An economically struggling U.S. territory. A government-run electricity provider facing potential insolvency. A debate among public officials about whether debts are too burdensome to pay.
That’s the situation in the U.S. Virgin Islands, where the power agency is contending with a financial squeeze that echoes what happened in Puerto Rico in the run up to that government’s record-setting bankruptcy.
The uncertainty led Moody’s Investors Service on Sept. 23 to downgrade the most senior Virgin Islands Water and Power Authority bonds to eight steps below investment grade, indicating a high likelihood of default. Subordinate debt due in 2031 last traded at an average of 92 cents on the dollar, above the 65% to 80% recovery that Moody’s rating suggests investors are likely to receive.

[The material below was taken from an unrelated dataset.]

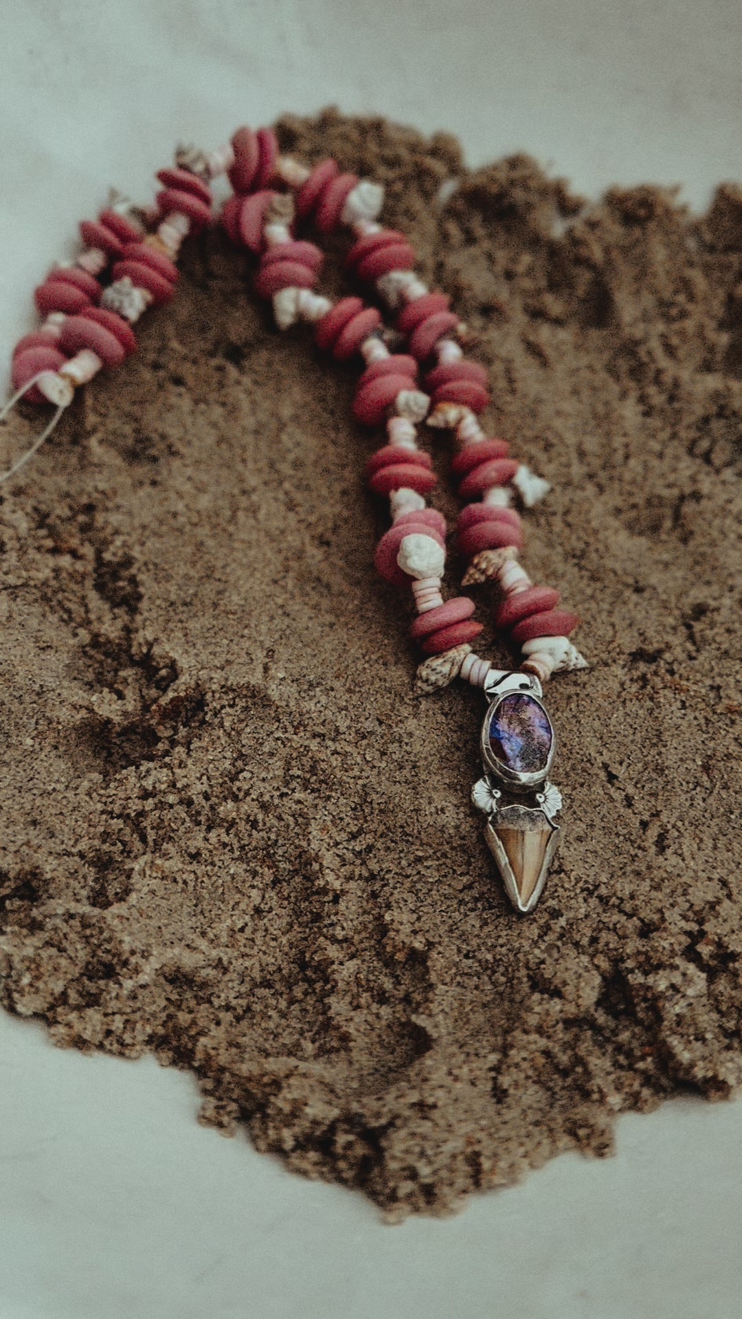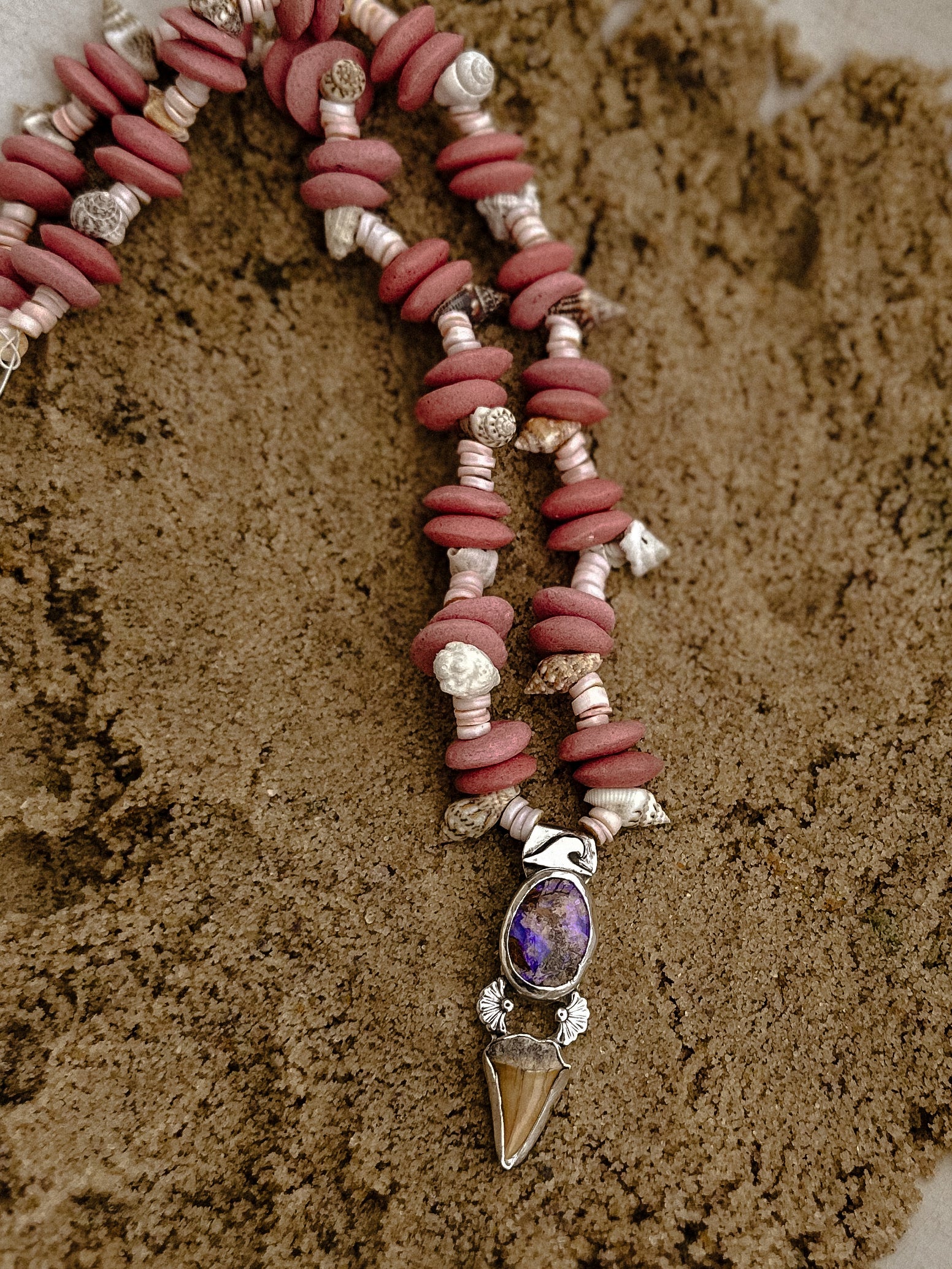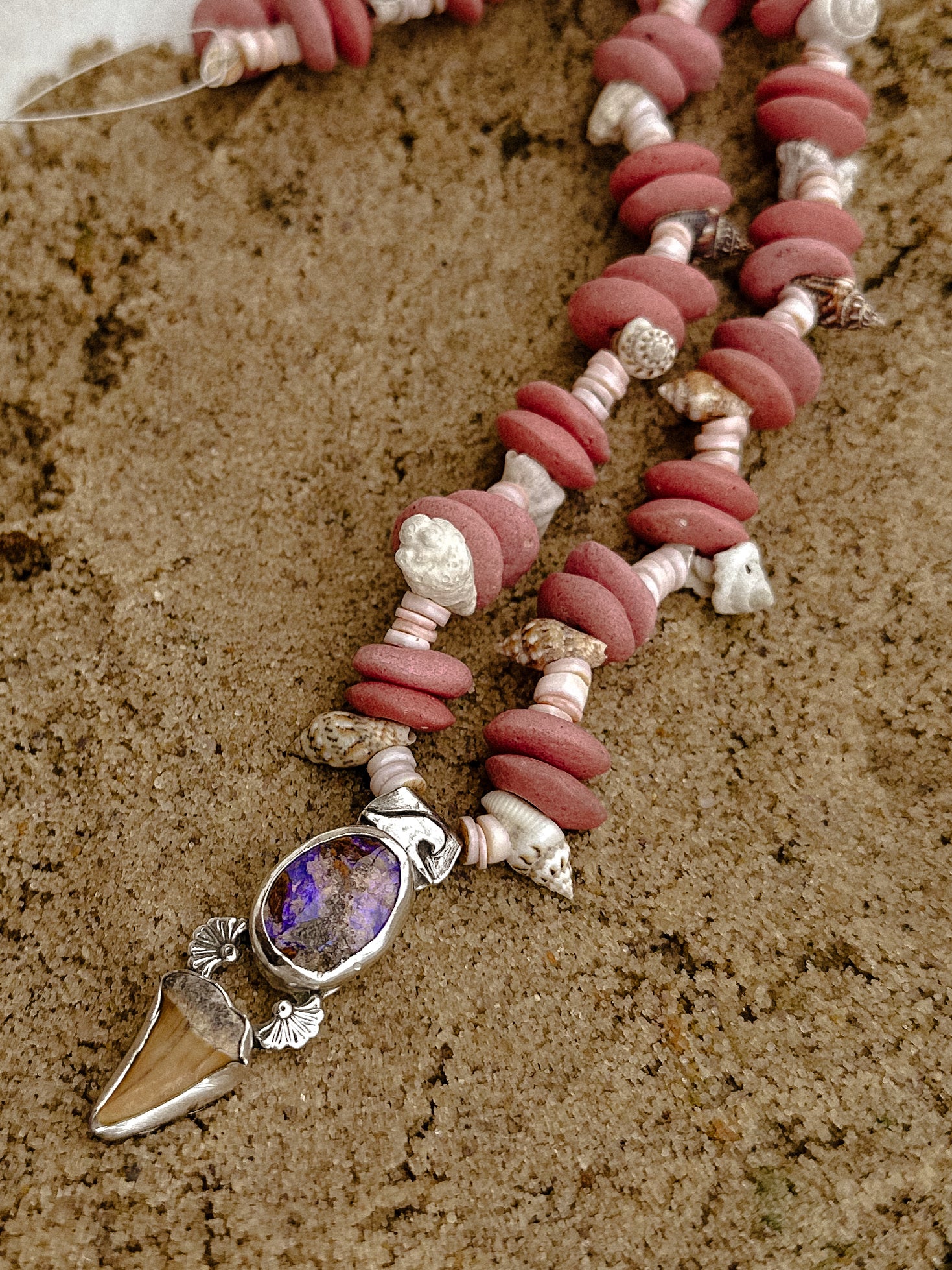 Hand strung with hashi, pink fruit loops ( 😂 ) and seashells.
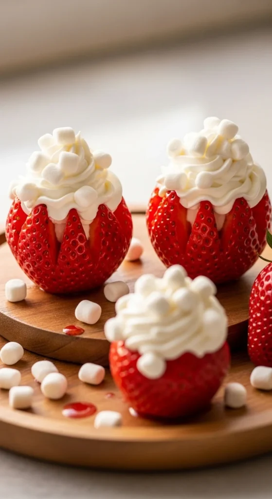 Make Santa hats by adding whipped cream and a marshmallow tip to strawberries. Fresh, light, and adorable — kids can pop them like candy.

The risk of default has increased due to WAPA’s “unsustainable capital structure with very tight liquidity, high debt load including a substantial unfunded pension liability, the increased frequency of power outages, reducing the reliability of the electric system, high electric rates, and chronic challenges facing the economy,” Moody’s said in a report.
Governor Albert Bryan Jr. says the government is “steadfast” in making sure that the utility’s bills are paid. But the territory’s Congressional representative says its debt may need to be restructured, clouding the outlook for investors who own $227 million of the authority’s bonds.
The saga resembles a small-scale repeat of what happened to the Puerto Rico Electric Power Authority, which went bankrupt in 2017.
WAPA serves about 55,000 electric customers and 12,000 water customers in the territory, according to a 2017 financial statement, and about 90% of the utility’s electrical grid was damaged by hurricanes two years ago.
A 2018 report by the nonpartisan Congressional Research Service said the costs of rebuilding and modernizing the territory’s electric grid likely “far exceeds” the financial ability of the territory, where electric prices are already three times higher than the average in U.S. states. The Virgin Islands overall, which has also seen its credit-rating slashed to junk, is struggling under high pension debt and a declining economy.
Stacey Plaskett, the territory’s representative in Congress, last month said she’s concluded the utility is “effectively insolvent” after speaking with the authority and financial experts.
In a Sept. 18 letter to the governor, she said the utility may need “federal court intervention” because its operations are “under duress by several of its vendors/creditors.” A court intervention could help adjust the utility’s debts, she said.
James Spiotto, an expert in municipal bankruptcies, said Congress would have to act to allow the agency to go through the bankruptcy-like process that Puerto Rico is using to restructure its debts. If there’s a default, bondholders could also move to appoint a receiver and work on a recovery plan for the utility to make its debt more sustainable, he said.
Plaskett’s letter was a “wake-up call” about the condition of the utility, Spiotto said. “Keeping the lights on isn’t just a nice thing to say, it’s very important,” he said.
But Lawrence Kupfer, executive director of the authority, disputes Plaskett’s characterization. He said in a statement that he didn’t see the need for declaring a state of emergency, calling Plaskett’s comments a “slap in the face” to employees trying to restore power. The statement didn’t address the utility’s debt.
Jean Greaux, spokesman for the authority, didn’t respond to requests for comment on the utility’s debt.
Governor Bryan isn’t calling for a restructuring and instead supports looking for opportunities to refinance its obligations, said Karl Knight, chief of staff.
Virgin Islands lawmakers will discuss the utility at a hearing Tuesday. Senator Myron Jackson said the territory has long struggled with energy issues that he proposed legislation for in 2013.
He said he wasn’t prepared to say whether he supported a debt restructuring until after the legislative hearing on the utility. “You have businesses that cannot conduct their daily transactions,“ he said. “The impact has been very negative to the territory.”
This article was provided by Bloomberg News.